Jesús, fiel al designio salvador de Dios, aunque partiendo de la antigua alianza, manda a los leprosos que le piden compasión que hagan lo que la ley mosaica determina, y, antes de que hayan cumplido (estando de camino) cura a todos. Pero solo el samaritano reconoce la gracia recibida y vuelve sobre sus pasos, alabando a Dios a grandes gritos, para dar gracias al que le había curado. Es decir, solo el samaritano tiene ojos para descubrir que la curación ya no depende de la antigua ley mosaica (que también los samaritanos aceptaban), sino que ahora la fidelidad de Dios se manifiesta plenamente en Jesús. Los otros, al parecer, consideraron que Dios había hecho su parte, porque ellos habían hecho la suya presentándose ante los sacerdotes. Y permanecieron dentro de la religión del AT, sin dar el paso a la fe en Cristo. Puede ser que, al sentirse curados y reintegrados en la comunidad del pueblo elegido, recuperaron también los prejuicios contra los samaritanos que la lepra había borrado. Y no consideraron adecuado a su dignidad seguir caminando con aquel hereje.

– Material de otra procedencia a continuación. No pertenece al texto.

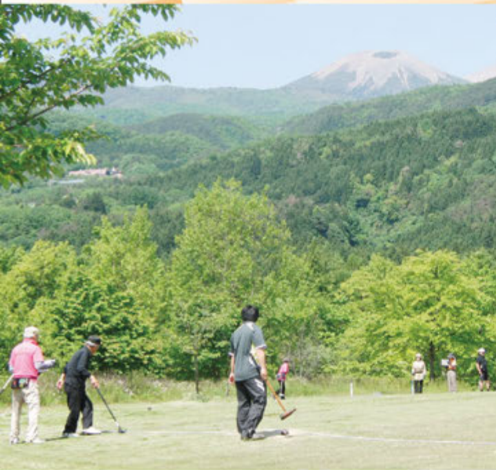
45th Fukushima Pre. Woodball Championship, Azuma Sports Park in Fukushima, 22 May 2016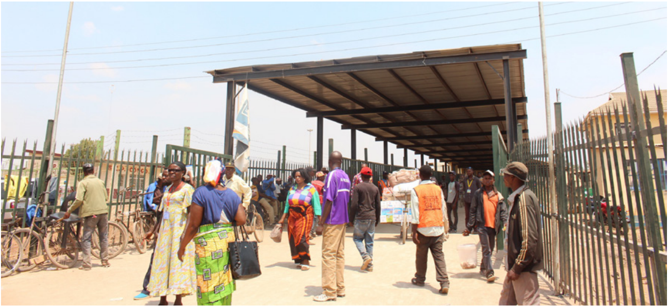
Border crossing at Kasumbalesa between Zambia and DR Congo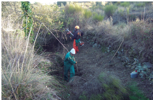
Watercourses and riverbanks.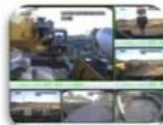
Civil Work Vehicle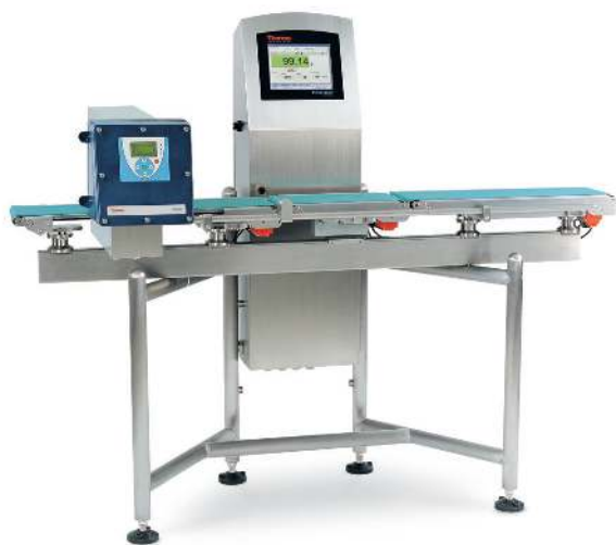
APEX 300 and Thermo Scientific™ VersaWeigh™ combination system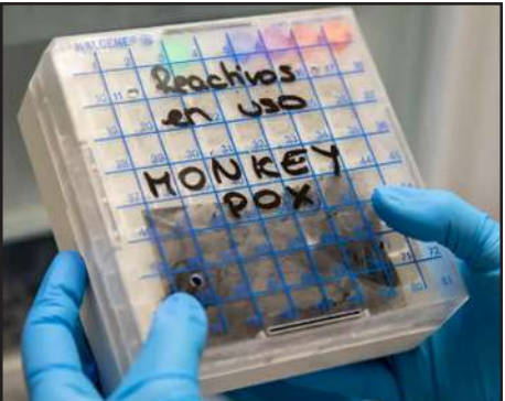
Monkey Pox vaccines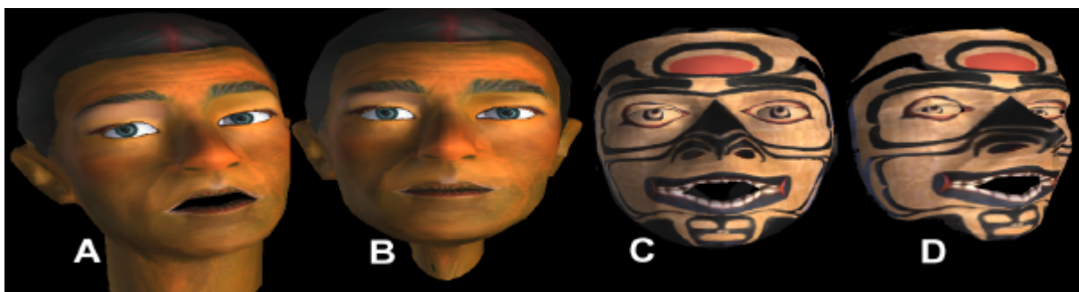
Figure 3. Frames from “storytelling mask” interactive, where a real artist’s voice, passion, stories and expression first introduces himself and his work (A), begins to transform into his artwork (B), has his work tells it’s back story with full voice and expression (C,D) and can return to his persona to interactively answer questions or give other educational content (A).

For this paper however we will concentrate on applications that support more engaging art and science educational systems and we will discuss two ongoing application prototypes where it is hoped that expressive agents can engage the viewer to the deeper or complicated back-story of an artefact or science concept.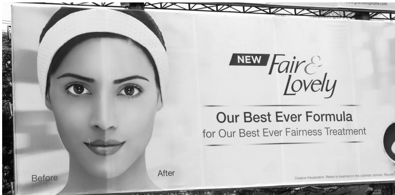
An advertisement for Fair and Lovely, a popular skin whitening brand.

conditions. People do not want to be associated with darker skinned people (i.e. poor people) because of discrimination and less availability of opportunities.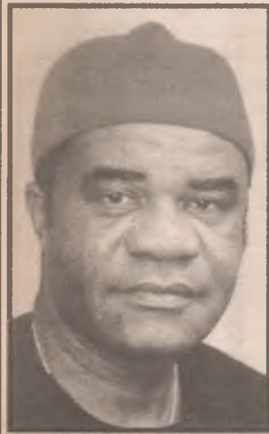
Vincent Ogbulafor, Minister of Economic Matters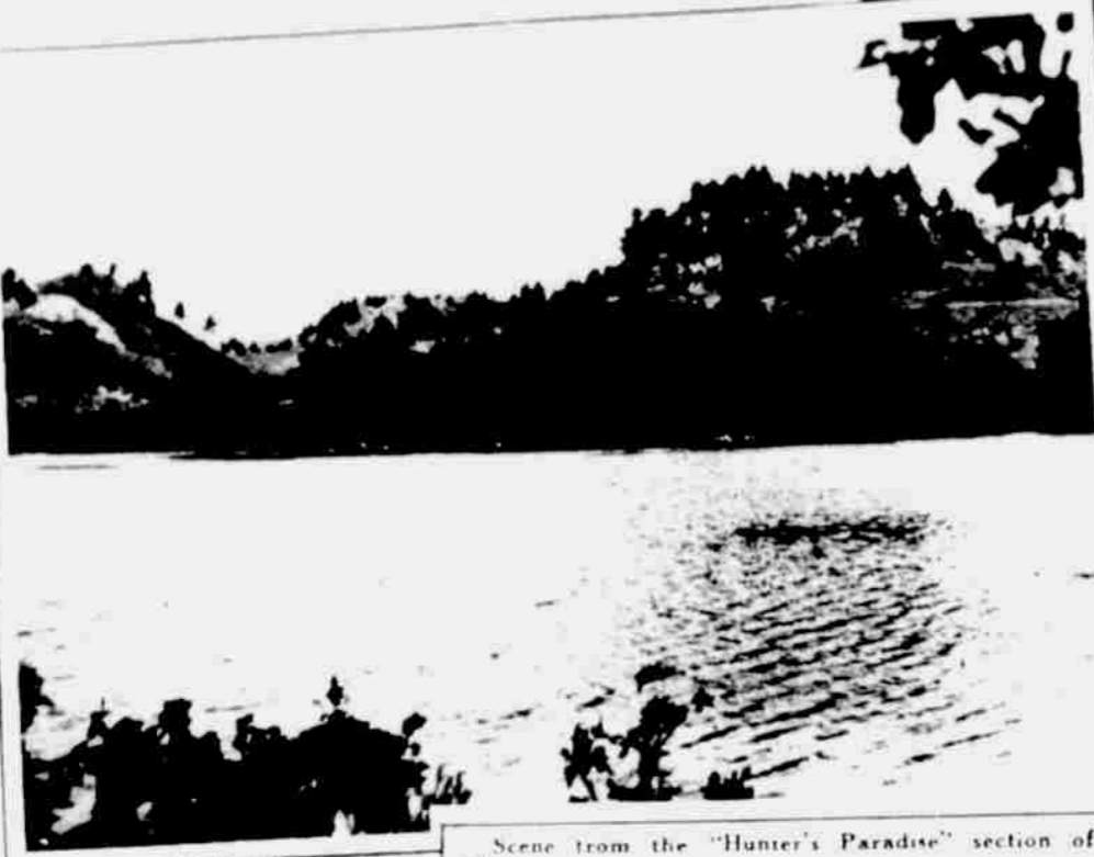
Scene from the "Hunter's Paradise" section of Cherry county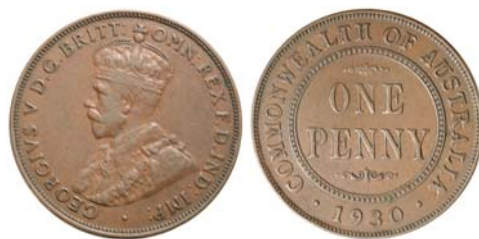
2766* George V, 1930 Indian die. Full band, part centre diamond, six pearls, even brown patina, very fine and rare, especially in this condition.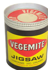
VEGEMITE JIGSAW 1983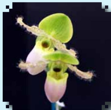
BLUE RIBBON Paph. Pinocchio Jeff Tucker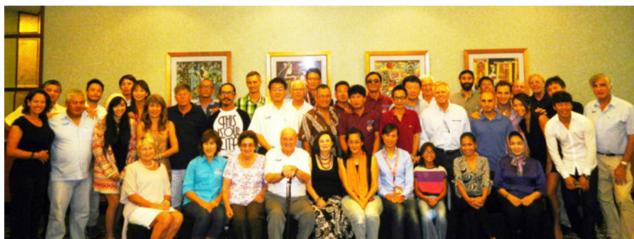
IWWF Delegates in recent years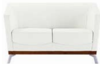
> LOVE SEAT #2702 > POLISHED ALUMINUM LEGS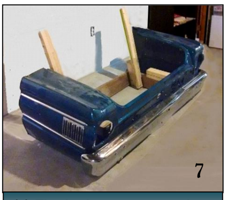
(7) The body was mounted on the frame and brackets made to hold the cushions.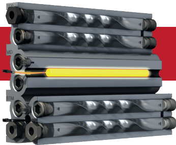
PATENTED HIGH EFFICIENCY ALUMINUM MASS HEATER

También nosotros, creyentes en Cristo, tenemos el peligro a veces de entender nuestra fe como una especie de “do ut des”, de contrato comercial, por el que le damos a Dios algo, por ejemplo, unos minutos a la semana, y Dios tiene que respondernos con determinados favores, los que le pedimos a veces, puede ser que no con tanta frecuencia.

Cuando nos comportamos así resbalamos a un modelo religioso del Antiguo Testamento (y, además, mal entendido), y nos hacemos incapaces, como los judíos curados, de reconocer las maravillas y milagros que la fidelidad de Dios realiza cotidianamente entre nosotros: dándonos su Palabra, que nos libera porque no está encadenada; entregándonos su cuerpo y su sangre, el misterio de su muerte por amor nuestro y de la vida nueva de la resurrección, por medio del pan y vino eucarísticos; curándonos de enfermedades peores que la lepra, por medio del perdón de nuestros pecados, que nos habían convertido en enemigos de Dios y entre nosotros.

La Palabra de Dios nos invita hoy a alabar a Dios con grandes gritos, es decir, a dar testimonio en voz alta de nuestra fe, a volvernos a Cristo en acción de gracias (esto es la Eucaristía) por los muchos beneficios que recibimos de Él, a llevar con nosotros siempre, como Naamán, un pedazo de la tierra del nuevo Israel, que no es otra cosa que nuestra fe en el Dios fiel, para poder adorarlo en cualquier tiempo y lugar.